2. The method of claim 1, wherein tokenizing the extracted text into the first plurality of tokens processes the predetermined symbol as an undividable and/or unsplittable expression.
3. The method of claim 1, wherein tokenizing the extracted text into the first plurality of tokens transfers the predetermined symbol into a single token.
4. The method of claim 1, wherein the extracted text comprises more than one number and/or more than one date to be replaced, and wherein the same predetermined symbol is used for all numbers and/or all dates in the extracted text.
5. The method of claim 1, wherein the predetermined symbol represents a shape, a format and/or a magnitude of the number and/or of the date to be replaced.
6. The method of claim 1, wherein the deep learning module comprises an artificial neural network.
7. The method of claim 1, wherein the deep learning module comprises a transformer-based deep learning model, and wherein the transformer-based deep learning model is based on a Bidirectional Encoder Representations from Transformers, BERT, model.
8. The method of claim 1, wherein determining a tag for at least one of the first plurality of tokens comprises: transforming, by a neural network encoder, the first plurality of tokens into a plurality of numerical vectors in a latent space; and mapping, by a decoder, the plurality of numerical vectors into tags, the decoder comprising a dense neural network layer with a softmax activation function.
9. The method of claim 1, wherein the determined tag is for a token representing the number and/or date in the electronic document to be tagged.
10. The method of claim 1, wherein the electronic document to be tagged is a document including financial information and/or the electronic document to be tagged is from a financial domain; and/or wherein the determined tag is a tag from the eXtensive Business Reporting Language, XBRL.
11. The method of claim 1, wherein the deep learning module is trained for determining the tag by: receiving, by the input module, a plurality of electronic documents as training dataset, the plurality of electronic documents comprising tags associated with text elements in the plurality of electronic documents; preprocessing, by the preprocessing module, the plurality of electronic documents, wherein each of the plurality of electronic documents is preprocessed by: extracting a text from each of the plurality of electronic documents; replacing a number or a date in the extracted text with the predetermined symbol; and tokenizing the extracted text with the predetermined symbol into a second plurality of tokens, wherein at least some of the second plurality of tokens are associated with one or more tags; and training, by a training module, the deep learning module with the second plurality of tokens along with the one or more tags.

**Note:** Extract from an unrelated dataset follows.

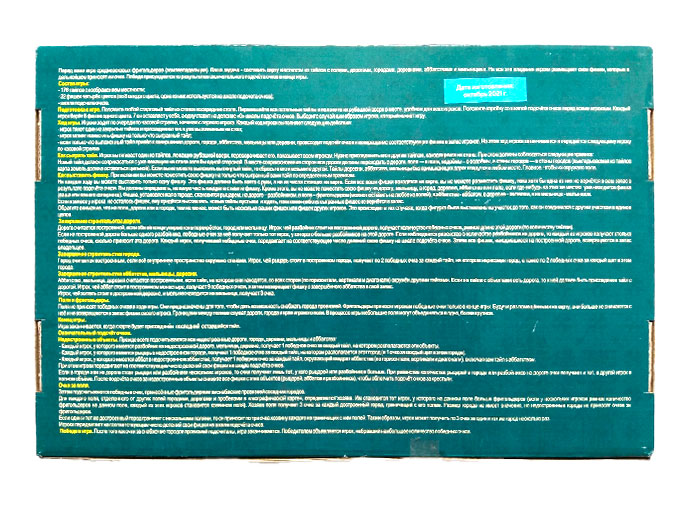 Комплектация игры: 176 тайлов с изображением местности; 32 фишки четырех цветов (по 8 каждого цвета, одна из них используется на шкале подсчета очков); шкала подсчета очков; игровое поле.

12. A computer-implemented method for training a deep learning module, the method comprising: receiving, by an input module, a plurality of electronic documents as training dataset, the plurality of electronic documents comprising tags associated with text elements in the plurality of electronic documents; preprocessing, by a preprocessing module, the plurality of electronic documents, wherein each of the plurality of electronic documents is preprocessed by: extracting a text from each of the plurality of electronic documents; replacing a number or a date in the extracted text with a predetermined symbol; and tokenizing the extracted text with the predetermined symbol into a plurality of tokens, wherein at least some of the plurality of tokens are associated with the tags; and training, by the training module, the deep learning module with the plurality of tokens along with the tags.
13. The method of claim 12, wherein tokenizing the extracted text into the plurality of tokens processes the predetermined symbol as an undividable and/or unsplittable expression.

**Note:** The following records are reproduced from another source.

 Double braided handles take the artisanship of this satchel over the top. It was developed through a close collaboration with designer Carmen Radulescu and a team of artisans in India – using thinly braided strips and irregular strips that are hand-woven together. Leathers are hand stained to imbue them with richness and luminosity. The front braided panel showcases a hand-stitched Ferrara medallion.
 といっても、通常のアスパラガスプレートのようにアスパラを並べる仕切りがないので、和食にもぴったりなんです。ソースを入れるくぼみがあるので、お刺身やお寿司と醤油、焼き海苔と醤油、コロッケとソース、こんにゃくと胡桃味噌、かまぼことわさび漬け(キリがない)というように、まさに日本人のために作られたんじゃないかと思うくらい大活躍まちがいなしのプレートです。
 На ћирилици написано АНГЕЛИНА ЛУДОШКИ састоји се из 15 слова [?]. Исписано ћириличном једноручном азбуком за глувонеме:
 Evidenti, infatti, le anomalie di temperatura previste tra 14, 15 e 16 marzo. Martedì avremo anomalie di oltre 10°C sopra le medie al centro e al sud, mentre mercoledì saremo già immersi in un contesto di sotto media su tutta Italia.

14. The method of claim 12, wherein tokenizing the extracted text into the plurality of tokens transfers the predetermined symbol into a single token.
15. The method of claim 12, wherein the extracted text comprises more than one number and/or more than one date to be replaced, and wherein the same predetermined symbol is used for all numbers and/or all dates in the extracted text.

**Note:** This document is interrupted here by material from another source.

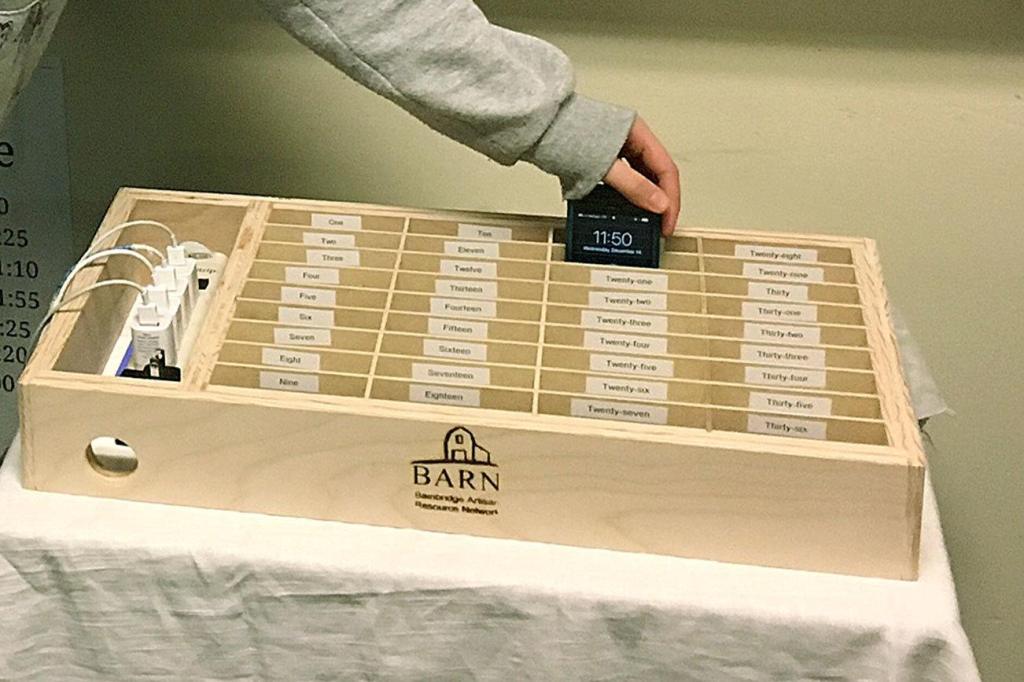 Eagle Harbor High teacher, BARN woodworker create cellphone caddy to minimize classroom distractions

16. The method of claim 12, wherein the predetermined symbol represents a shape, a format and/or a magnitude of the number and/or of the date to be replaced.
17. The method of claim 12, wherein the deep learning module comprises an artificial neural network.
18. The method of claim 12, wherein the deep learning module comprises a transformer-based deep learning model, and wherein the transformer-based deep learning model is based on a Bidirectional Encoder Representations from Transformers, BERT, model.
19. The method of claim 12, wherein the plurality of electronic documents includes financial information and/or the plurality of electronic document is from a financial domain; and/or wherein the tags associated with text elements in the plurality of electronic documents are tags from the eXtensive Business Reporting Language, XBRL.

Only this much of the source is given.